From the first line of the entries below through the line holding "Po południu szykowaliśmy", write out every line exactly, please, and leave out the pictures.

┄┄┄┄┄┄┄┄┄┄

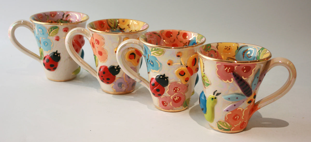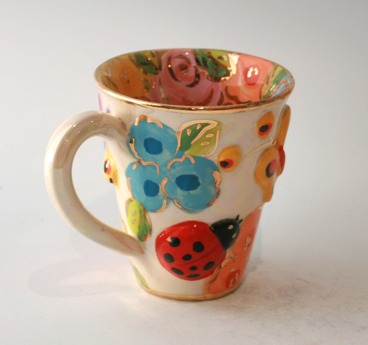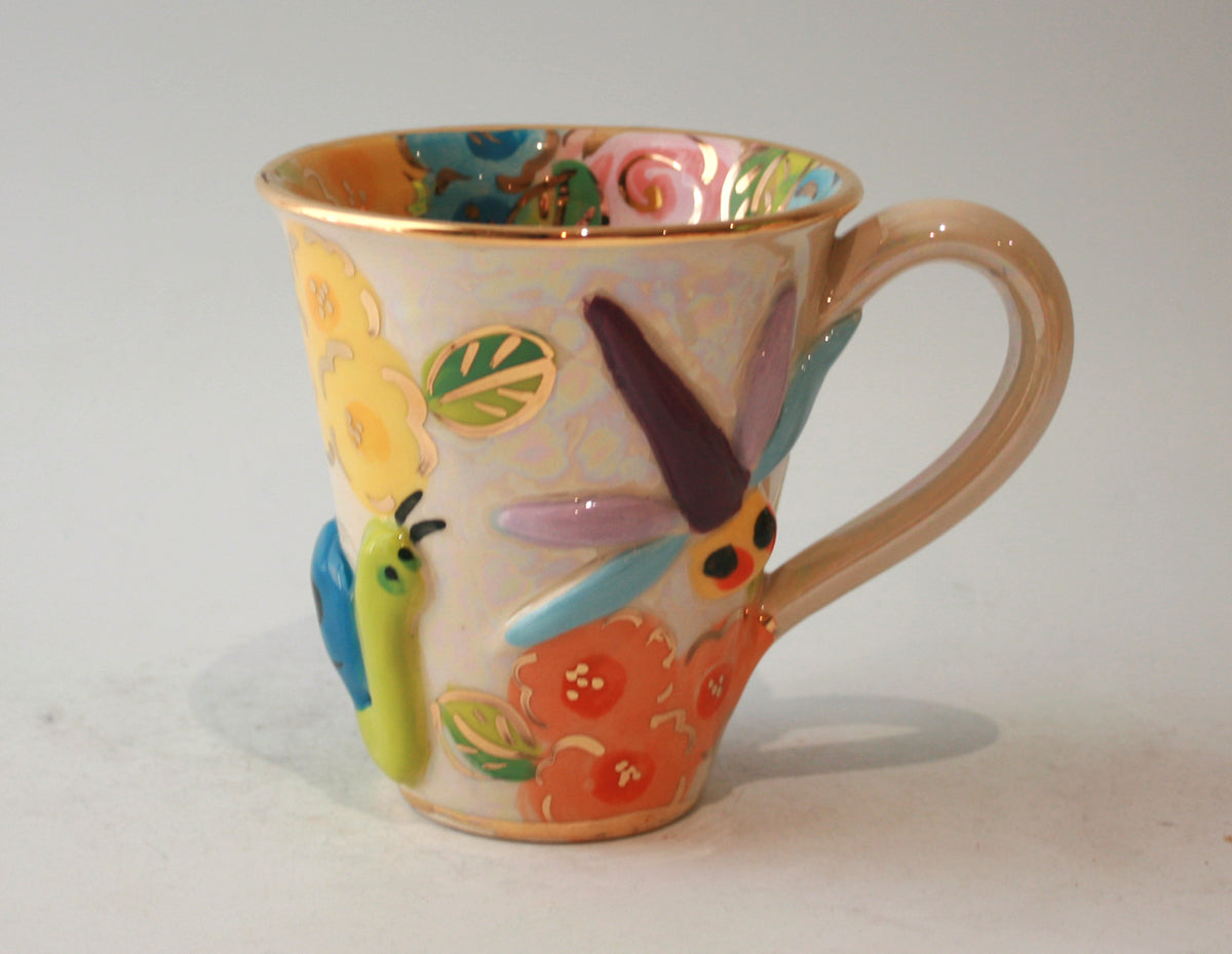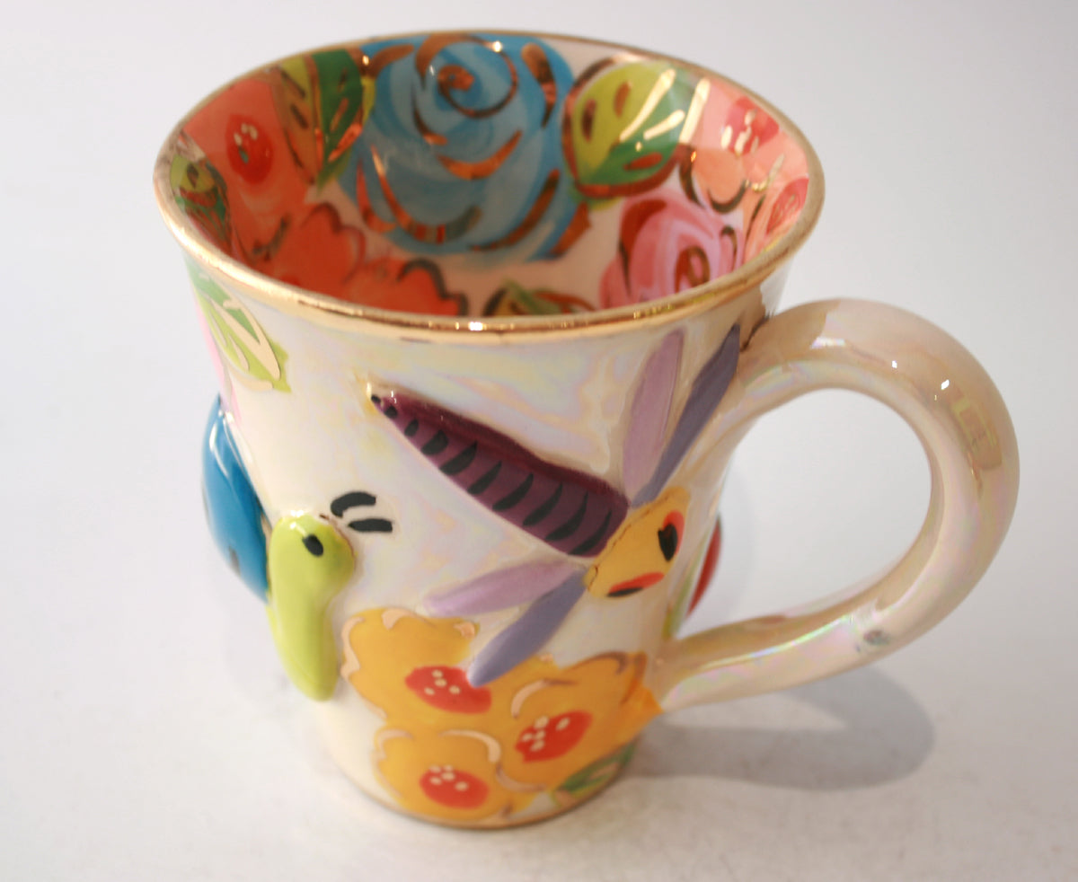 Mary Rose's new for 2020 design "Bugs" features adorable ceramic creatures on a background of iridescence...the inside of this mug is spring-time flowers painted in all pastels and this gives the most magical effect! The mug stands around 4.25 inches tall, and the price is unfortunately for one only.
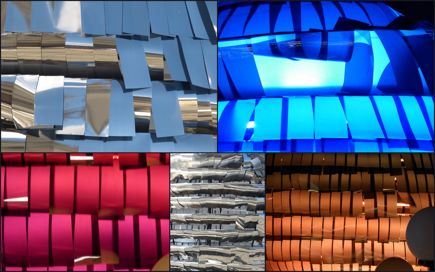 et je me suis amusée, le jour (en gris) et la nuit, tout en couleur, avec ces 1200 écailles d'un matériau voltigeant sous le vent ...
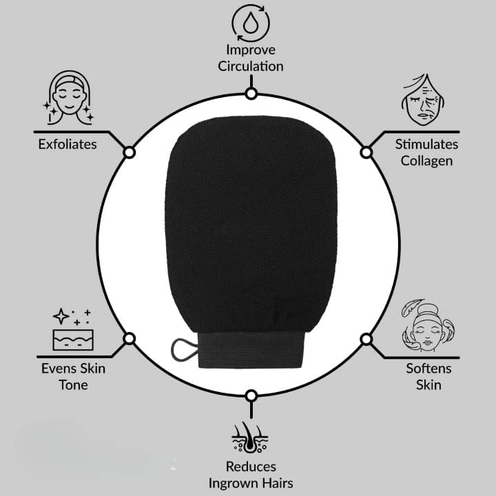 - FOR HEALTHY GLOWING SKIN - This double layered exfoliating mitt is a must for anyone who wants their skin to glisten and glow. The best part? It helps promote circulation, which means that you're stimulating collagen production while helping fight off pos
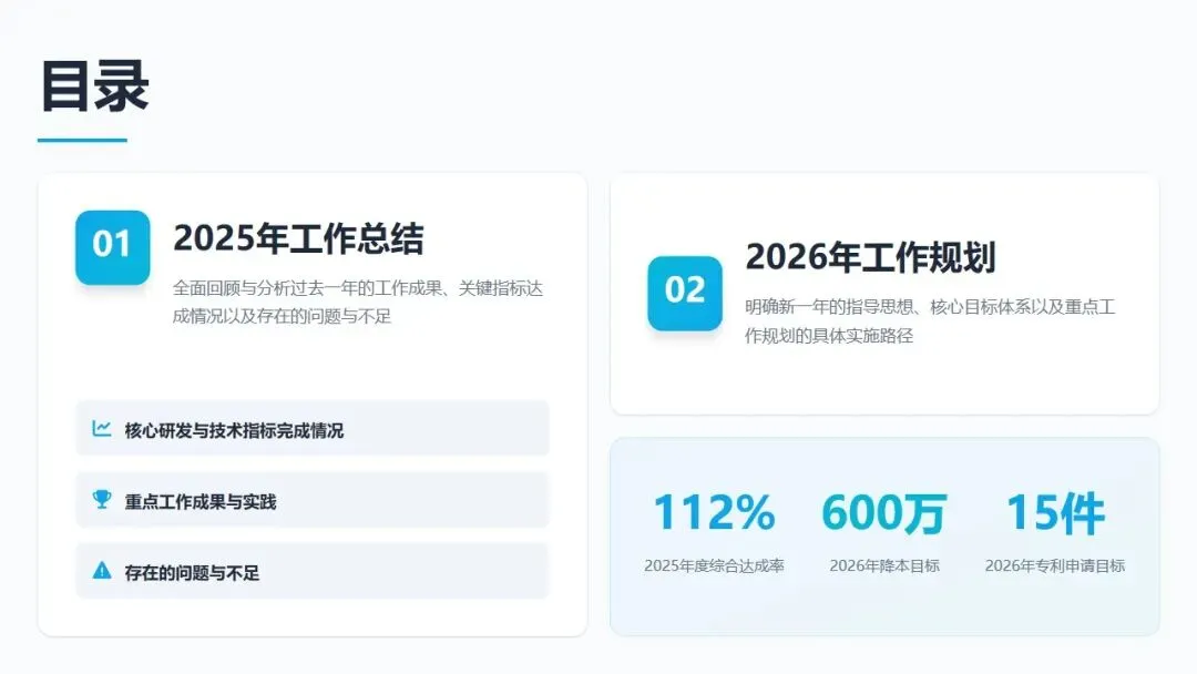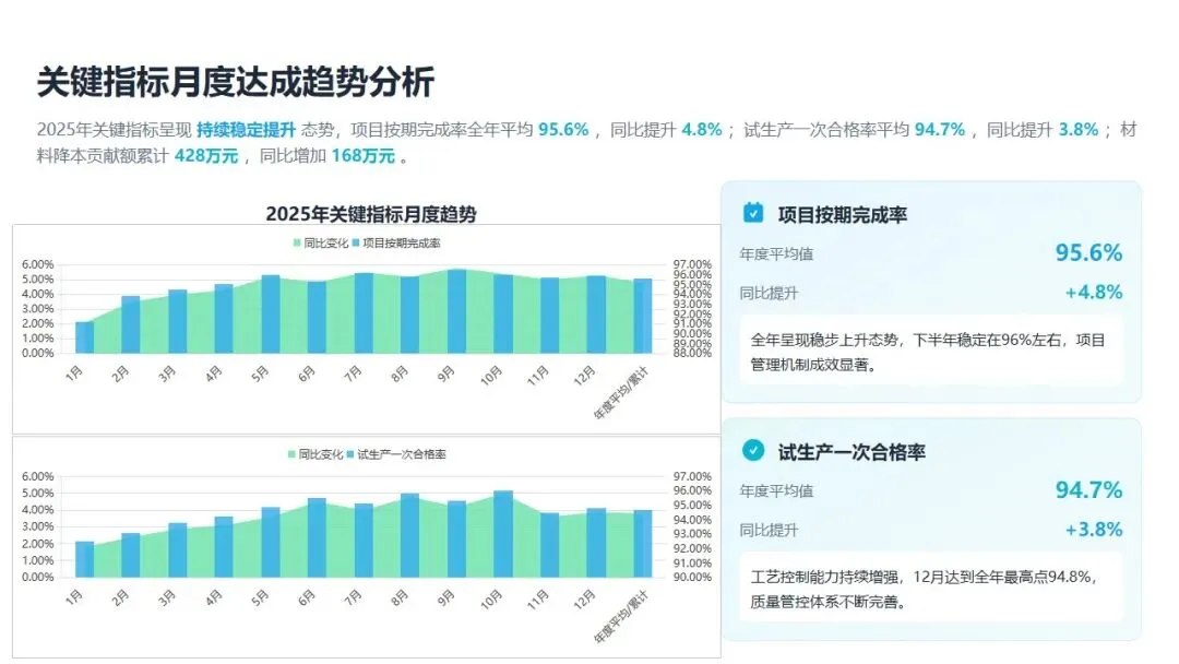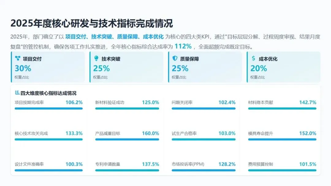 2025年我们锚定项目交付、技术突破、质量保障、成本优化四大核心KPI,靠目标层层拆、每周盯进度、每月做复盘的闭环管控,把各项工作落到了实处。全年核心指标综合达成率112%,所有目标全部超额完成,交出了一份亮眼答卷。表1:2025年度核心研发与技术指标完成情况一览表指标维度 | 核心指标 | 年度目标 | 实际完成值 | 达成率 | 数据来源 |
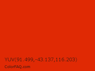 YUV 91.499,-43.137,116.203 Color is a normal red color and the nearest color is Lust #e62020. Hex code #e02904 and RGB value is rgb(224,41,4). In RGB color space, this color is composed of 88% red, 16% green, 2% blue, In CMYK color space, this color is composed of 0% cyan, 82% magenta, 98% yellow , 12% black , In HSL color space, this color has a hue angle of 10° , 96% saturation and 45% lightness.
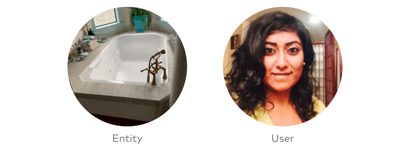 UserAvatarView is for people or users whereas EntityAvatarView is for companies, businesses, or services.
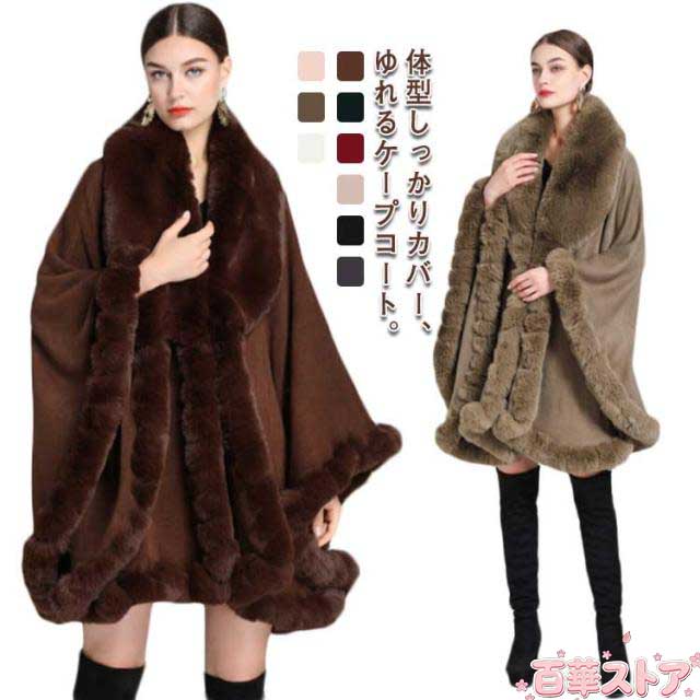 ■ファー付きケープコート 全9色 洗える レディース アウター コート ファーコート マント ポンチョ 羽織 かわいい レディース 大人 ケープ
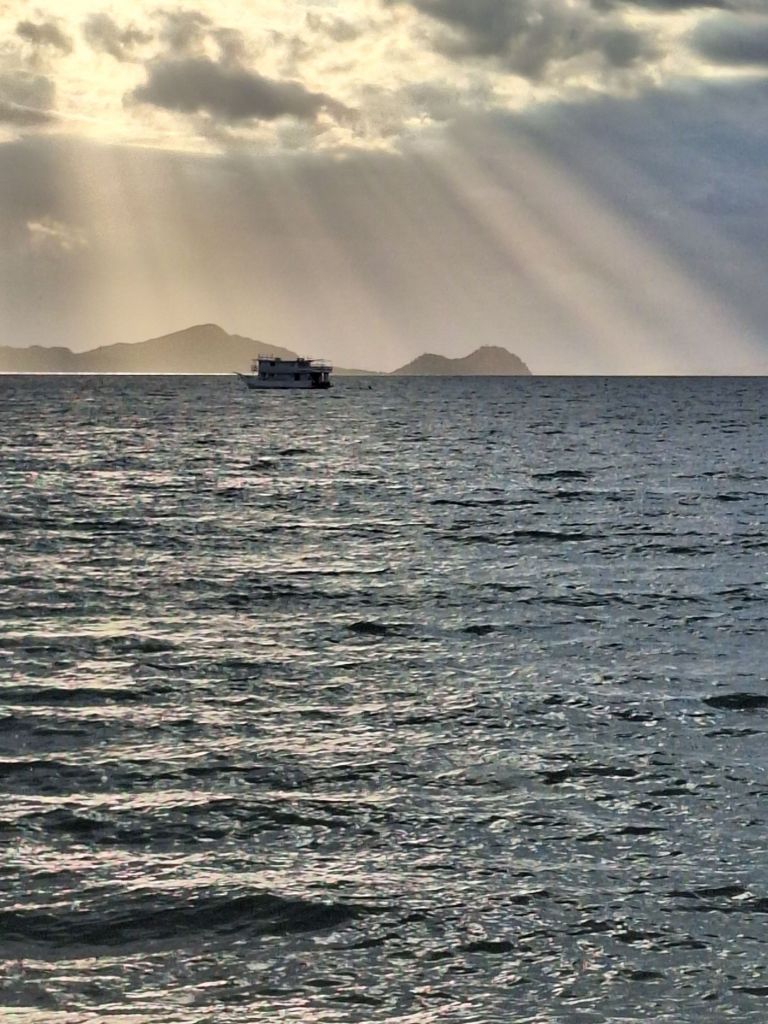 Po południu szykowaliśmy się na piękny zachód słońca na plaży, ale o 4.00 po południu wygonił nas z niej deszcz. Udało mi się tylko popatrzeć trochę na morze i na „bezrobotne” łodzie, czekające tak jak i my na otwarcie parku. W nocy lało i grzmiało niemiłosiernie.
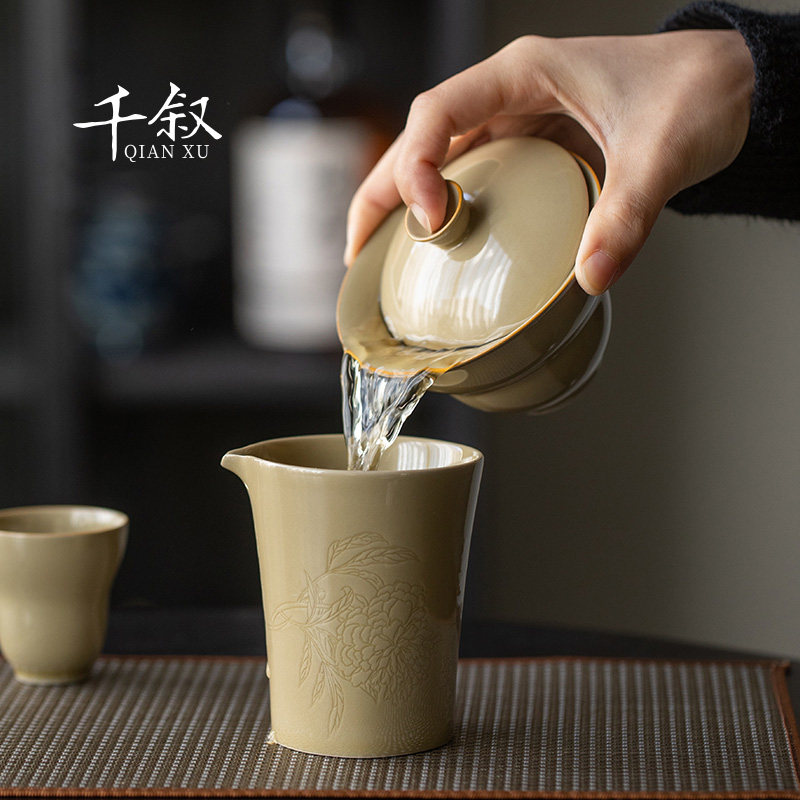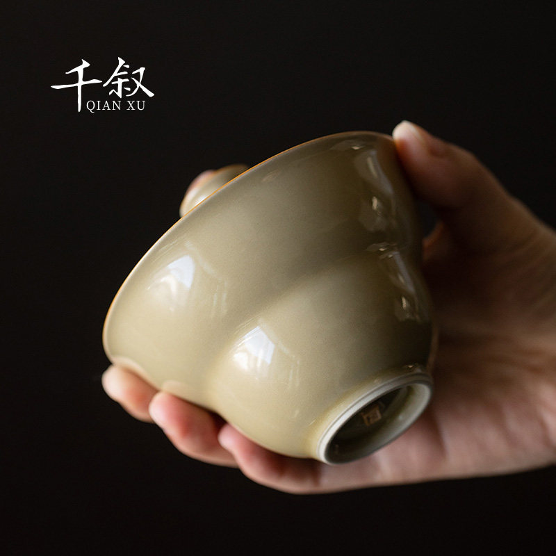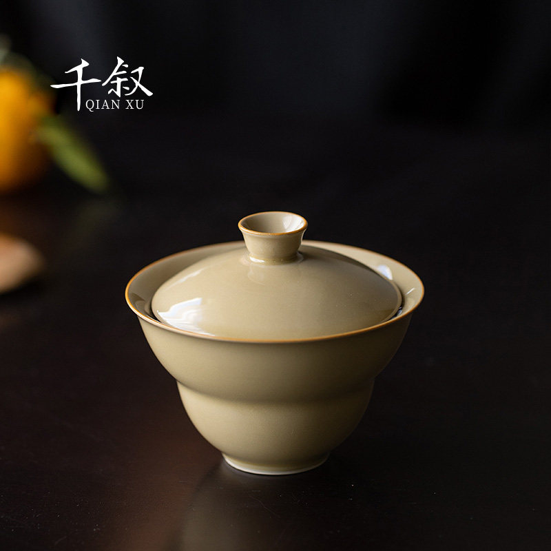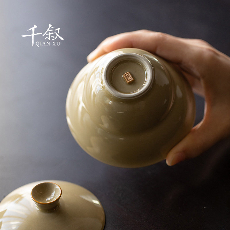 Grass ash cover bowl tea cup single large ceramic tea set household non-hot tea bowl high-end gourd kung fu tea

┄┄┄┄┄┄┄┄┄┄

▶ [Result of this task]:
 Mary Rose's new for 2020 design "Bugs" features adorable ceramic creatures on a background of iridescence...the inside of this mug is spring-time flowers painted in all pastels and this gives the most magical effect! The mug stands around 4.25 inches tall, and the price is unfortunately for one only.
 et je me suis amusée, le jour (en gris) et la nuit, tout en couleur, avec ces 1200 écailles d'un matériau voltigeant sous le vent ...
 - FOR HEALTHY GLOWING SKIN - This double layered exfoliating mitt is a must for anyone who wants their skin to glisten and glow. The best part? It helps promote circulation, which means that you're stimulating collagen production while helping fight off pos
 2025年我们锚定项目交付、技术突破、质量保障、成本优化四大核心KPI,靠目标层层拆、每周盯进度、每月做复盘的闭环管控,把各项工作落到了实处。全年核心指标综合达成率112%,所有目标全部超额完成,交出了一份亮眼答卷。表1:2025年度核心研发与技术指标完成情况一览表指标维度 | 核心指标 | 年度目标 | 实际完成值 | 达成率 | 数据来源 |
 YUV 91.499,-43.137,116.203 Color is a normal red color and the nearest color is Lust #e62020. Hex code #e02904 and RGB value is rgb(224,41,4). In RGB color space, this color is composed of 88% red, 16% green, 2% blue, In CMYK color space, this color is composed of 0% cyan, 82% magenta, 98% yellow , 12% black , In HSL color space, this color has a hue angle of 10° , 96% saturation and 45% lightness.
 UserAvatarView is for people or users whereas EntityAvatarView is for companies, businesses, or services.
 ■ファー付きケープコート 全9色 洗える レディース アウター コート ファーコート マント ポンチョ 羽織 かわいい レディース 大人 ケープ
 Po południu szykowaliśmy się na piękny zachód słońca na plaży, ale o 4.00 po południu wygonił nas z niej deszcz. Udało mi się tylko popatrzeć trochę na morze i na „bezrobotne” łodzie, czekające tak jak i my na otwarcie parku. W nocy lało i grzmiało niemiłosiernie.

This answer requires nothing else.